Leaving out every picture, copy the lines of the material below exactly, from the line containing "Cut from signature" through the line containing "TFNC HIGH NECK".

[[ Listed entries open ]]

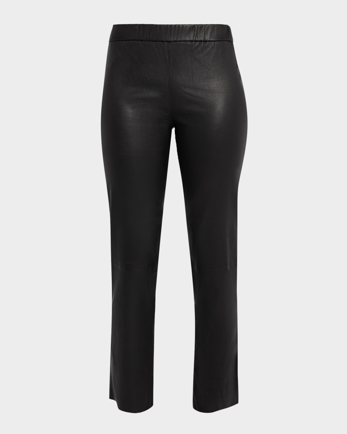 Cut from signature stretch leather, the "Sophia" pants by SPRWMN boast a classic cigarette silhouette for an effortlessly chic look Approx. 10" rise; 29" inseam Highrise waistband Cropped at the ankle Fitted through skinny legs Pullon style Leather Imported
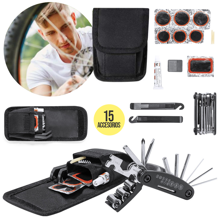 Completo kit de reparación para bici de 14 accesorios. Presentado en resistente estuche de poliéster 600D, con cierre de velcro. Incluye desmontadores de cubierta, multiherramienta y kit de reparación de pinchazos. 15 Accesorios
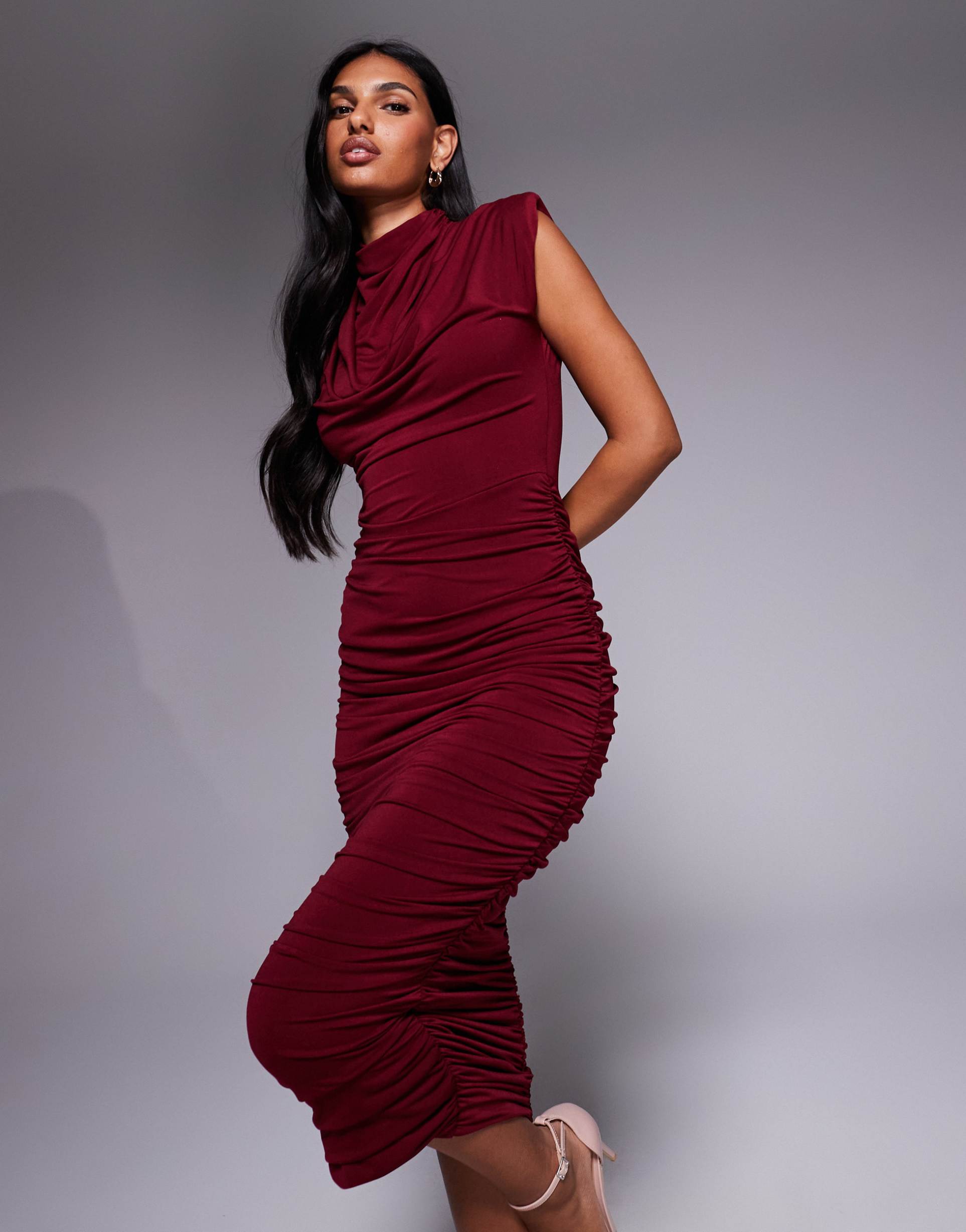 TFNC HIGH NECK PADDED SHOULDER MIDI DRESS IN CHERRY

[[ Listed entries closed ]]
[[ Listed entries open ]]

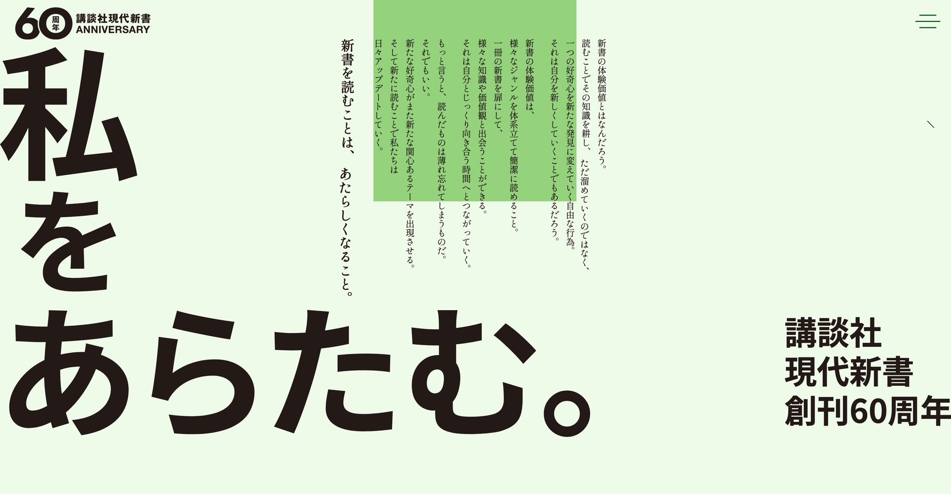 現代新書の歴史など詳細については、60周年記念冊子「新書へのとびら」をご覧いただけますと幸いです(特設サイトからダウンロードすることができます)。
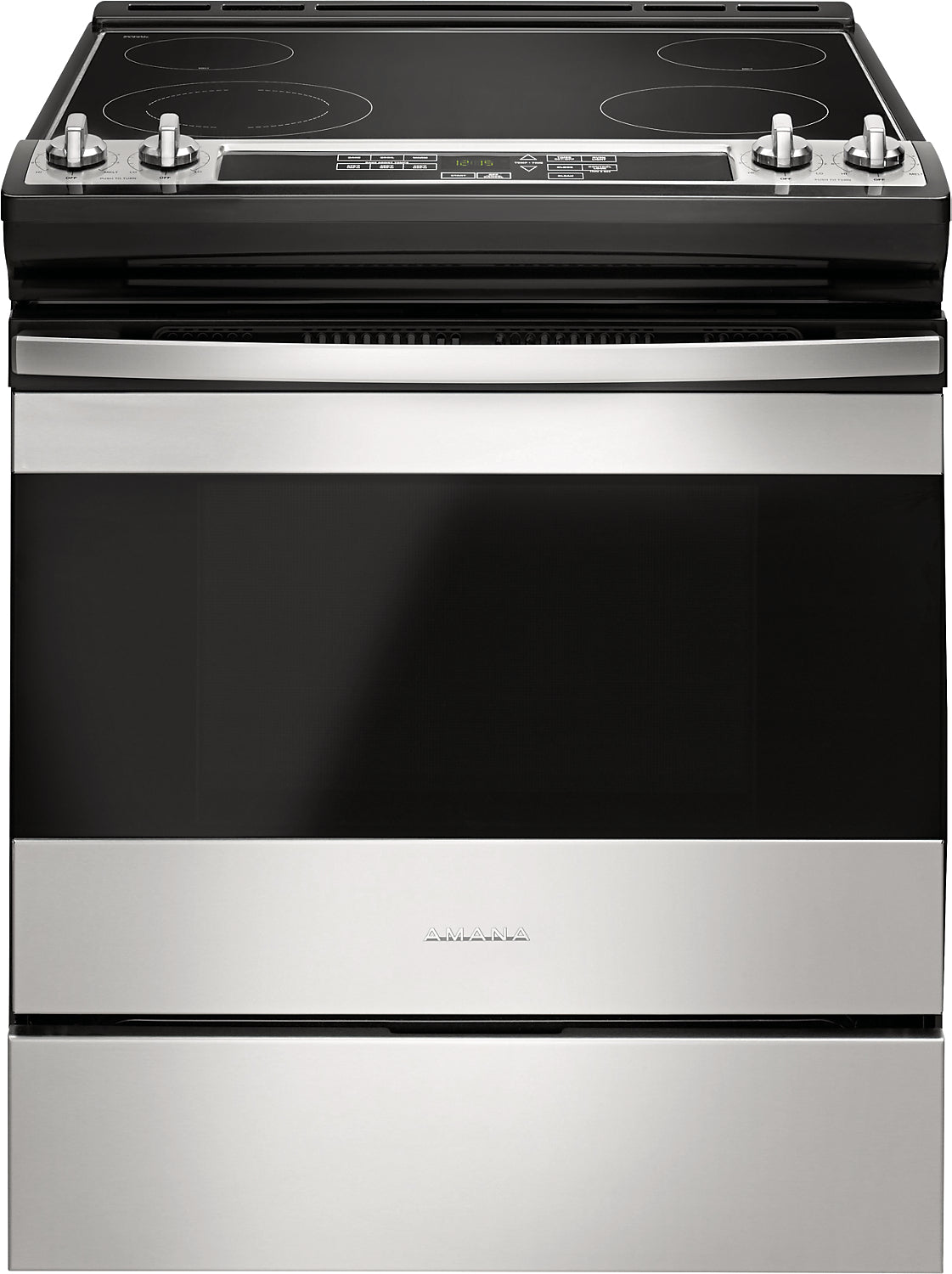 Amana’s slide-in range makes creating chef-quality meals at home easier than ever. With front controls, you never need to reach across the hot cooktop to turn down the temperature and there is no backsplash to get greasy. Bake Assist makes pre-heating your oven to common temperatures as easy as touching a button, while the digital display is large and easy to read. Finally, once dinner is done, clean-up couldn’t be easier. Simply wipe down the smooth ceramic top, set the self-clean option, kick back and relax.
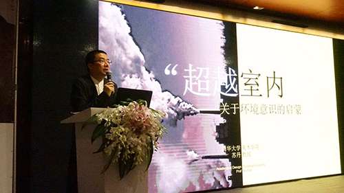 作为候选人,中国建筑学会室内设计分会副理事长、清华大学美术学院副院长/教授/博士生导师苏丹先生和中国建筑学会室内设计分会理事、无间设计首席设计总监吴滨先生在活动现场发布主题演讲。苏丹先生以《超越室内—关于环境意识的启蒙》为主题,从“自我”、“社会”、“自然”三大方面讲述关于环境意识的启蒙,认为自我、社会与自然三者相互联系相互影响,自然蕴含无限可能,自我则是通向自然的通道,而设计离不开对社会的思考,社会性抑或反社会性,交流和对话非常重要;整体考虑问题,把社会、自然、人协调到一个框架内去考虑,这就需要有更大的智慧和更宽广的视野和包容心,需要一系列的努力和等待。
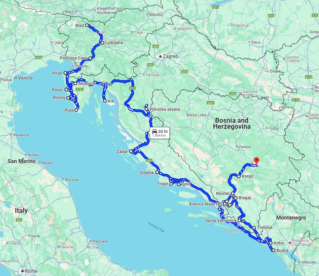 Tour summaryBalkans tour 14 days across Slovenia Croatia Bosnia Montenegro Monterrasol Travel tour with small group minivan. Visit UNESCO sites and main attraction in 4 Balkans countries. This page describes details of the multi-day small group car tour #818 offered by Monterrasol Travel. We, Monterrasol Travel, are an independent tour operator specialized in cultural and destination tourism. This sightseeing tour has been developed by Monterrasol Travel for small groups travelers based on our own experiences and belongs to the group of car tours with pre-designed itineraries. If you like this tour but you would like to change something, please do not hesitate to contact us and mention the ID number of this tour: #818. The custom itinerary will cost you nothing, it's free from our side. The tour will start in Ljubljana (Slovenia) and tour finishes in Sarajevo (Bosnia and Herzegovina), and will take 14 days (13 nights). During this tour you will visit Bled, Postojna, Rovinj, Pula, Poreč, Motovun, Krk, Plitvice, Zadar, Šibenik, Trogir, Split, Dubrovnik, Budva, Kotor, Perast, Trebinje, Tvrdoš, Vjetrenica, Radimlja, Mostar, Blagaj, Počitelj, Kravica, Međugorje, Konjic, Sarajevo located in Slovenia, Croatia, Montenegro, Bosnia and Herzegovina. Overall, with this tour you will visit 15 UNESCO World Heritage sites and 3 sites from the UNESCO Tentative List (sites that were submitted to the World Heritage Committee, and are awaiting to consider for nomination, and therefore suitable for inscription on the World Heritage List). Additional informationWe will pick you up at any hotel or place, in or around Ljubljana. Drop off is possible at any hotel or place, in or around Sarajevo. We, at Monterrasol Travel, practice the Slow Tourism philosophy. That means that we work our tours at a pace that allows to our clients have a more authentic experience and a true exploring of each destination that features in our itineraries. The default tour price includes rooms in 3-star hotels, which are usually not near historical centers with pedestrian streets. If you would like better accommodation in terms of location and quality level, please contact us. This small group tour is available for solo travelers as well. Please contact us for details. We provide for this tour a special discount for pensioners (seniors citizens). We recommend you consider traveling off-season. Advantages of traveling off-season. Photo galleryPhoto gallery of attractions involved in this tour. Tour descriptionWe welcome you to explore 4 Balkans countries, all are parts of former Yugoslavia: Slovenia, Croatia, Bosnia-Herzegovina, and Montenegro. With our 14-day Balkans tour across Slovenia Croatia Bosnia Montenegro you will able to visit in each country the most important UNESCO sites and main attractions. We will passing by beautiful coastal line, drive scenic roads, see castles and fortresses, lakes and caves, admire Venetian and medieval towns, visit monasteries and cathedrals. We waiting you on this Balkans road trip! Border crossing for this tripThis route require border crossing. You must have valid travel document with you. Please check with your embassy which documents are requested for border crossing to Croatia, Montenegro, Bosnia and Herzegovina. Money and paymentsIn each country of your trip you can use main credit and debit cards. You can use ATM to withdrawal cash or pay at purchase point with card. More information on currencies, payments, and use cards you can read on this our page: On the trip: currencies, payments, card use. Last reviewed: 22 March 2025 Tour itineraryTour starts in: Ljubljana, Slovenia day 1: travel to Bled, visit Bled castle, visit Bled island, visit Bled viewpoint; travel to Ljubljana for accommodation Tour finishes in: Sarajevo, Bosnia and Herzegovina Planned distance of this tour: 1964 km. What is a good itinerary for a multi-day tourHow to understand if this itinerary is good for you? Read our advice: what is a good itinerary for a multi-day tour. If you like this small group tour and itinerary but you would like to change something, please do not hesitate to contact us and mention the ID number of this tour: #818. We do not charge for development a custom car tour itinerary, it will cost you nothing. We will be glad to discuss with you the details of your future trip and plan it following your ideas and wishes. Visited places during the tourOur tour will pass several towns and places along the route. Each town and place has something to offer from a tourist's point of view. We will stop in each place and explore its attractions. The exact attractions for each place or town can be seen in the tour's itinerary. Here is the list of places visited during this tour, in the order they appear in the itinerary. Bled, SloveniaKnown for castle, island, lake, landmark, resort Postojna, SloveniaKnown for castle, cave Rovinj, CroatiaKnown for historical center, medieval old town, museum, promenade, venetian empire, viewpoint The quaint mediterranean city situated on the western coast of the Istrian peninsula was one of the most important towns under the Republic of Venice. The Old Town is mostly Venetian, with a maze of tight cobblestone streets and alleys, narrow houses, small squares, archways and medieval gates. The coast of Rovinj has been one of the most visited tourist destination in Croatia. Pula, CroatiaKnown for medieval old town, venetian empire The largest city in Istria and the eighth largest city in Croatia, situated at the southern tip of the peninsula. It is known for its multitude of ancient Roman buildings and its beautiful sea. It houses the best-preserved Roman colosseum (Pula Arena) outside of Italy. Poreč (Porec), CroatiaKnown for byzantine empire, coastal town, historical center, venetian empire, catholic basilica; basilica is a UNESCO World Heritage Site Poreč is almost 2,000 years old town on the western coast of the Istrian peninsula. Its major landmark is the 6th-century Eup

[[ Listed entries closed ]]

### Written solution
 Cut from signature stretch leather, the "Sophia" pants by SPRWMN boast a classic cigarette silhouette for an effortlessly chic look Approx. 10" rise; 29" inseam Highrise waistband Cropped at the ankle Fitted through skinny legs Pullon style Leather Imported
 Completo kit de reparación para bici de 14 accesorios. Presentado en resistente estuche de poliéster 600D, con cierre de velcro. Incluye desmontadores de cubierta, multiherramienta y kit de reparación de pinchazos. 15 Accesorios
 TFNC HIGH NECK PADDED SHOULDER MIDI DRESS IN CHERRY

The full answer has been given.